La cuestión es que esto no puede ser. Volví a ponerme a tope con el gimnasio en abril, tras mi mudanza, tuve que viajar muchísimo por trabajo, con lo que me ha costado ser constante y recuperar lo que era mío antes de abandonarme totalmente allá por el verano de 2016… No me hace ilusión tirar todo el trabajo hecho hasta ahora. Pero tampoco puedo plantearme ningún tipo de reto-dieta en vacaciones, nope, no va a pasar. Es solo un mini plan de contingencia para no volver flotando como una boya desde mi isla vacacional. Veamos:

  • No hay porqué comerse toooodo hasta el final: cuando pido en restaurantes o como fuera de casa es como que siento la obligación (quizá porque he pagado por esas delicias) de acabar absolutamente todo aunque esté a reventar.

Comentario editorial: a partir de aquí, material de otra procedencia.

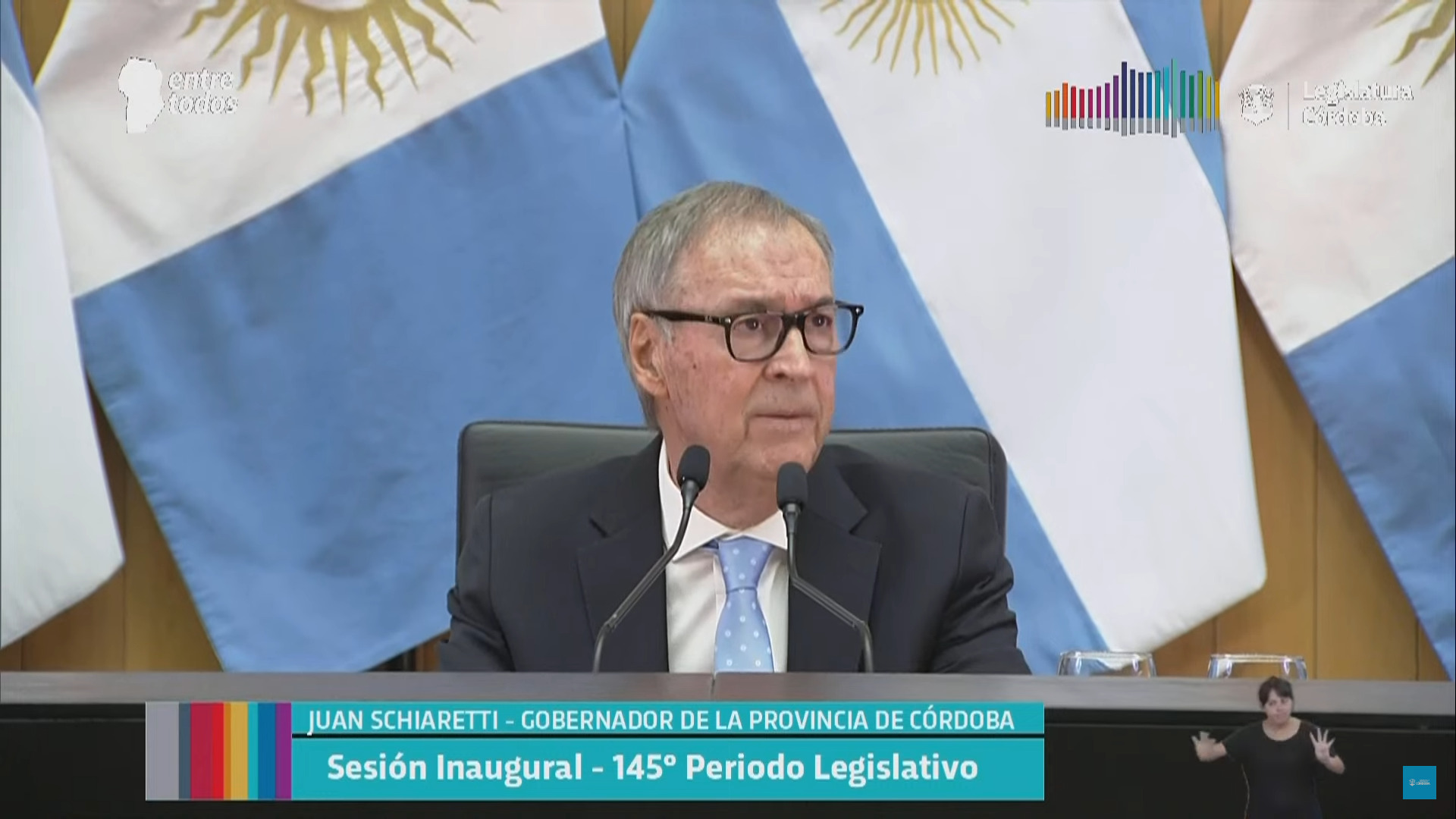 El gobernador Juan Schiaretti emite su discurso por el 145° período de sesiones legislativas en el edificio de la Unicameral, dando cumplimiento a lo establecido por la Constitución provincial.
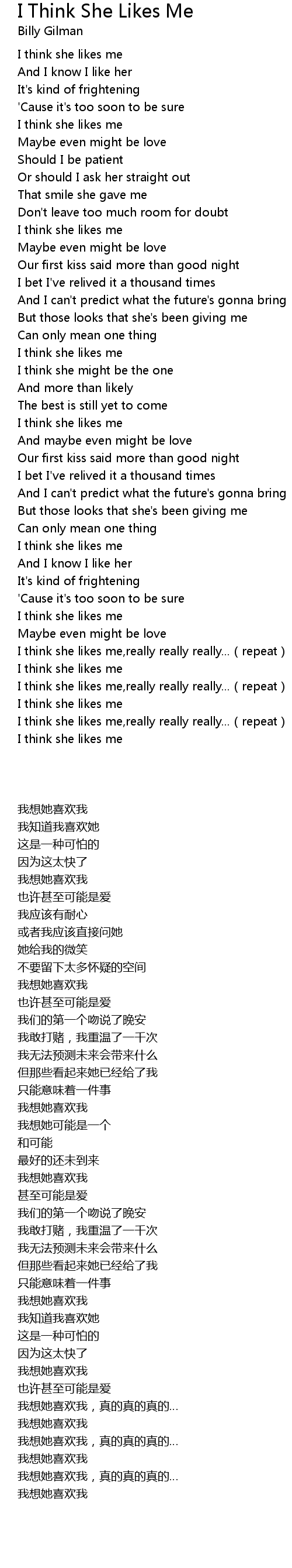 | [02:40.520] | I think she likes me,really really really...(repeat) |
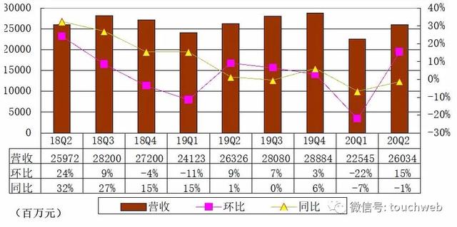 百度2020年第二季度营收为260亿元,较上年同期的263亿元下降1%,较上一季度的225亿元增长15%。
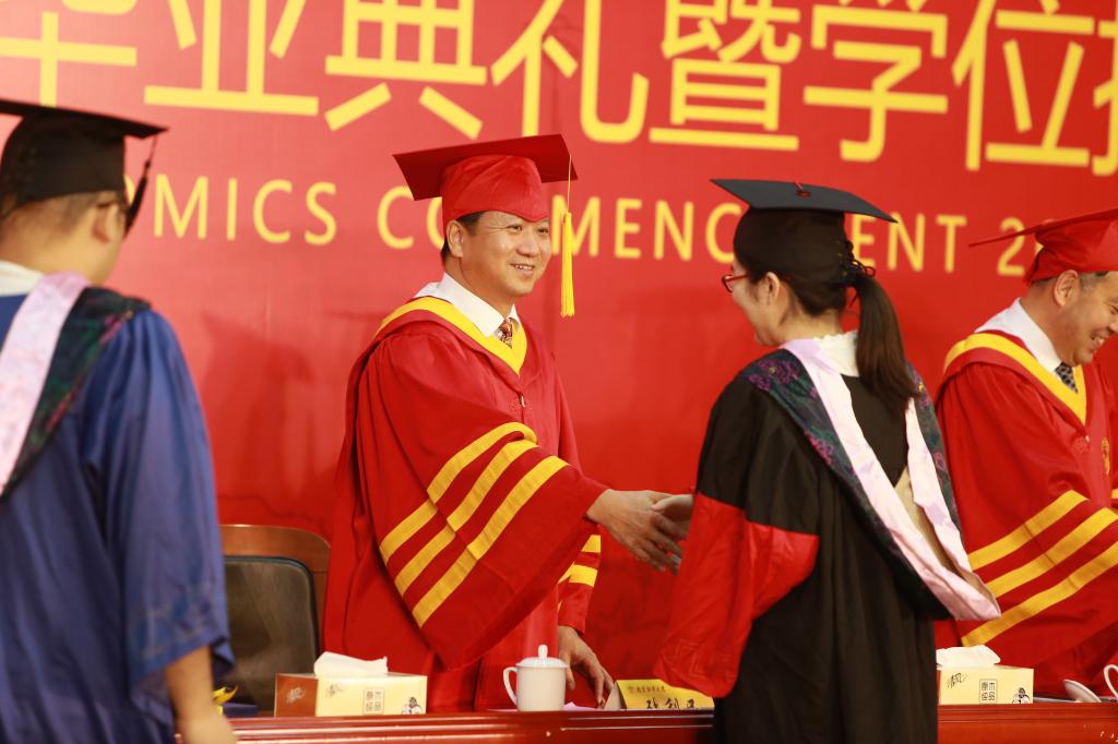 校党委书记张利民为获得学位的毕业生代表颁发学位证书
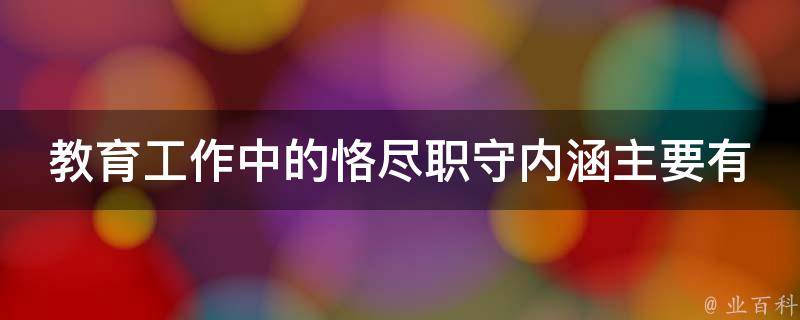 教育工作中的恪尽职守内涵主要有:从职业规范上说,要求教师按照教育事业对教师的要求尽职尽责;从教育效果上说,要求教师不能误人子弟,要尽全力取得最佳的教育效果。恪尽职守实际上就是老师的一种工作责任和纪律的要求。

Quizá no es necesario y me pueda ahorrar una digestión mutante.
  • No voy a hacer mal todas las comidas: no hace falta entrar en modo fromlost, en plan, “como estoy de vacaciones, me da igual todo y como fatal todo el tiempo”. Hay comidas que, de hecho, prefiero hacer sanas, como el desayuno. Voy a cerdear SOLO una comida al día. Mi momento favorito suele ser la cena.

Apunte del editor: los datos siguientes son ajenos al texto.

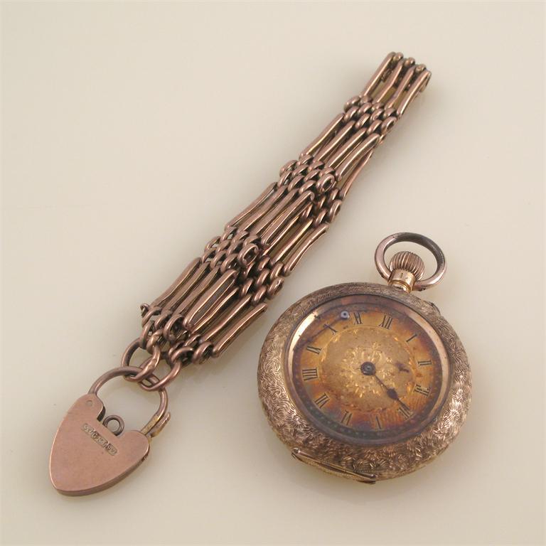 A 9ct gold gate link bracelet, with heart padlock clasp, 12g and an engraved 18ct gold open face fob watch, the engraved gilt dial with Roman numerals, (one hand detached). (2)
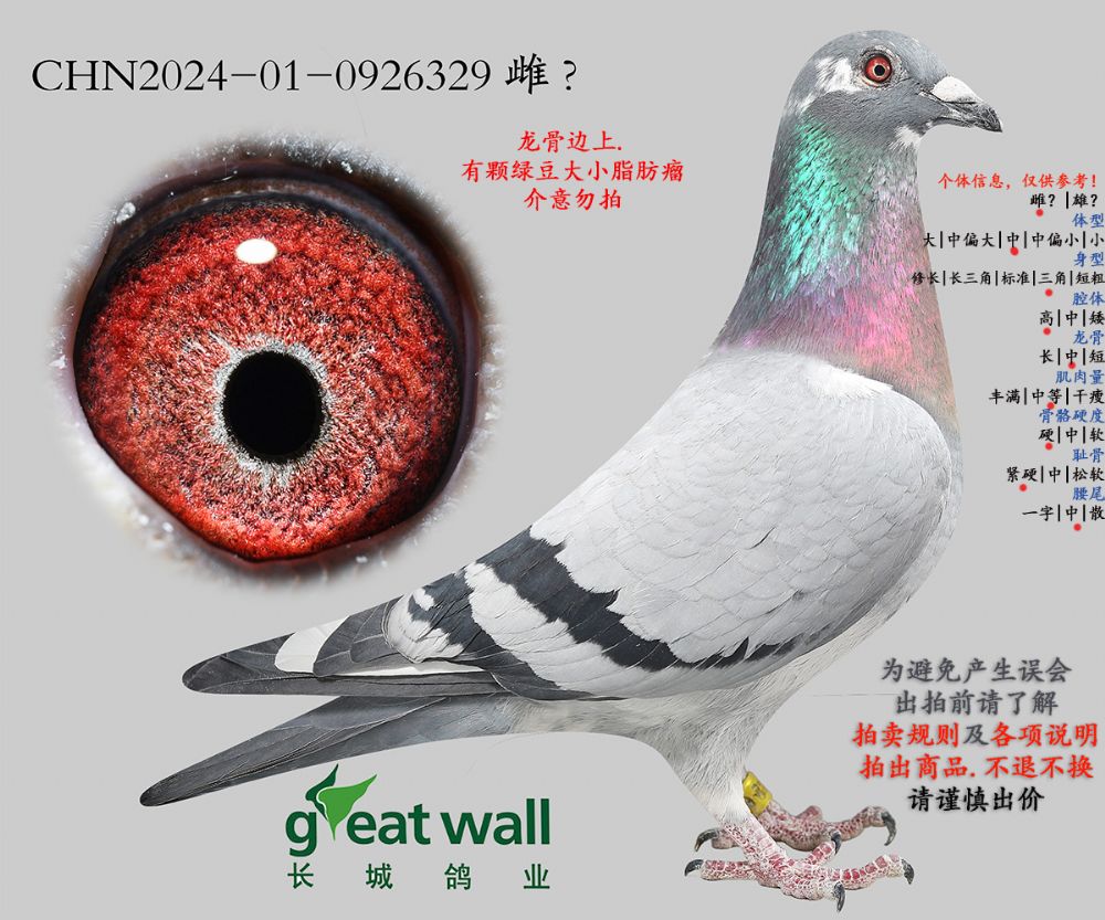 因拍卖鸽均是未做育过的种鸽或幼鸽,图内所标雌雄仅供参考,实际性别已实物为准。不做退换理由。

  • Intentar, a falta de gimnasio, llevar una vida activa: el senderismo es mi nuevo amigo. Sé que suena muy a deporte de abuela (no se ofendan los senderistas), como de persona que sale a andar, pero recuerdo aquel año aciago que pasé en París, caminando como si no hubiera un mañana por la ciudad, y no solo adelgacé (comiendo bastante mal, todo hay que decirlo), si no que me subió el colesterol bueno (¡?). Andar es bien, señoras, hay que hacerlo más.
  • Y ya. No hay cuarto punto. Estamos en vacaciones: este es el cuarto punto, de hecho. No hace falta abandonarse del todo (sobre todo si, como yo, técnicamente aún no has empezado las vacaciones) pero sinceramente, tampoco estamos para hacer grandes esfuerzos, que bastante duro es ya el resto del año. En septiembre volvemos a cuidarnos y punnnnnto.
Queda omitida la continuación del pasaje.